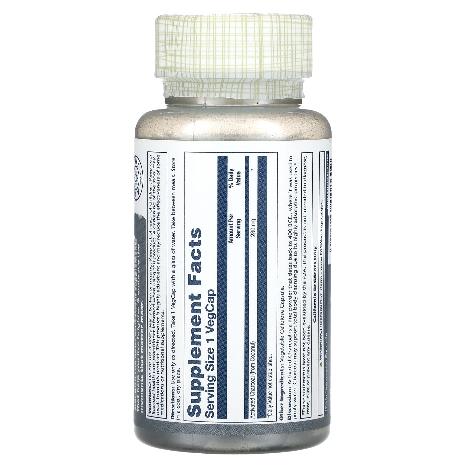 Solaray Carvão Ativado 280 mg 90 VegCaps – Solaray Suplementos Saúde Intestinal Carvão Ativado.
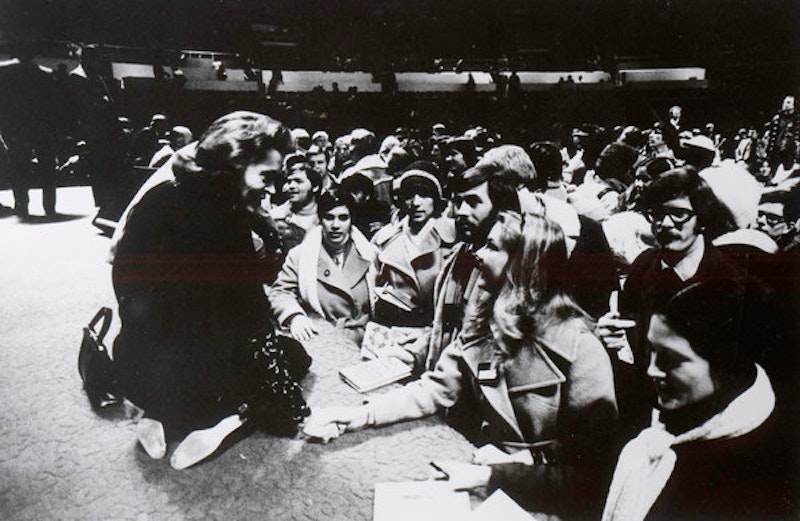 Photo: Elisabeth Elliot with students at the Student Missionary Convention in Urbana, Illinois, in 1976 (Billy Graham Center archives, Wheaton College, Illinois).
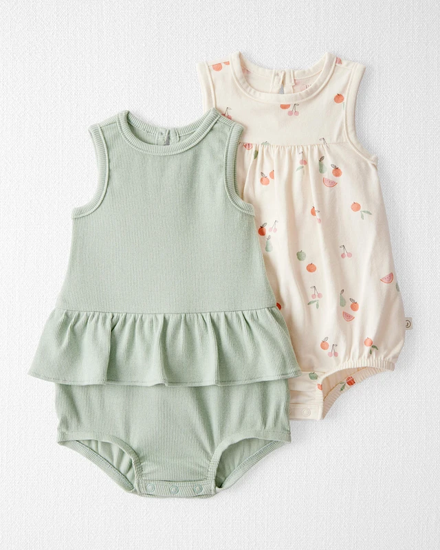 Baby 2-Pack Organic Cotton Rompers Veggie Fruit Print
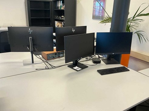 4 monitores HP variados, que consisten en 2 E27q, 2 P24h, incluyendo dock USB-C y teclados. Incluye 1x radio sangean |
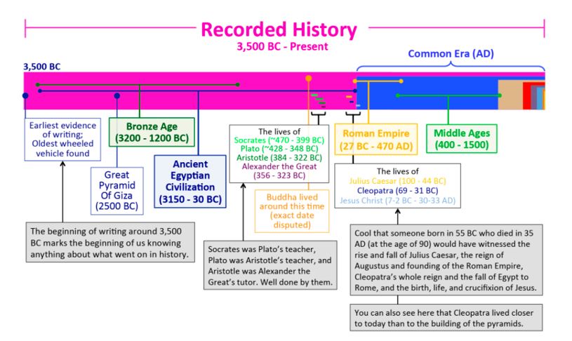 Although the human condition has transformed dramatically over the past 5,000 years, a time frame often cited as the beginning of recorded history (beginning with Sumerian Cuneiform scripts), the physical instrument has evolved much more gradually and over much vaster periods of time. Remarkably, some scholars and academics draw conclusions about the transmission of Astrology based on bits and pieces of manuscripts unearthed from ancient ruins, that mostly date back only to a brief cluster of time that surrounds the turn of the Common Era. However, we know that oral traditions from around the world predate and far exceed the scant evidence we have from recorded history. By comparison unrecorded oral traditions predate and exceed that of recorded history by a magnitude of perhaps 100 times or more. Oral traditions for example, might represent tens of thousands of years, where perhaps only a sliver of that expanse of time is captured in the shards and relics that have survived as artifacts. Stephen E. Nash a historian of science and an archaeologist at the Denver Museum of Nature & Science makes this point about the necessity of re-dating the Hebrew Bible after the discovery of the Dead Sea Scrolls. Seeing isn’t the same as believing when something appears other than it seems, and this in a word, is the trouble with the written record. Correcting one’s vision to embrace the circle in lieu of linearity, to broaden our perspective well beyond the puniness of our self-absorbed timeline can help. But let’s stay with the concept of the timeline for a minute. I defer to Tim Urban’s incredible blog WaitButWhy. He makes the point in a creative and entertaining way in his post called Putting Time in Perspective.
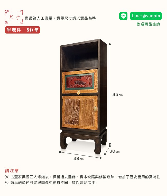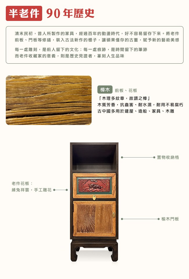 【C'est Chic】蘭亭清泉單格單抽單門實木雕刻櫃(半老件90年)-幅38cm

[What you are asked to do]: Leaving each picture behind, please give again exactly the lines above from the one with "Photo: Elisabeth Elliot" through the one with "4 monitores HP", both included, and no others.

[Solution below]:
 Photo: Elisabeth Elliot with students at the Student Missionary Convention in Urbana, Illinois, in 1976 (Billy Graham Center archives, Wheaton College, Illinois).
 Baby 2-Pack Organic Cotton Rompers Veggie Fruit Print
 4 monitores HP variados, que consisten en 2 E27q, 2 P24h, incluyendo dock USB-C y teclados. Incluye 1x radio sangean |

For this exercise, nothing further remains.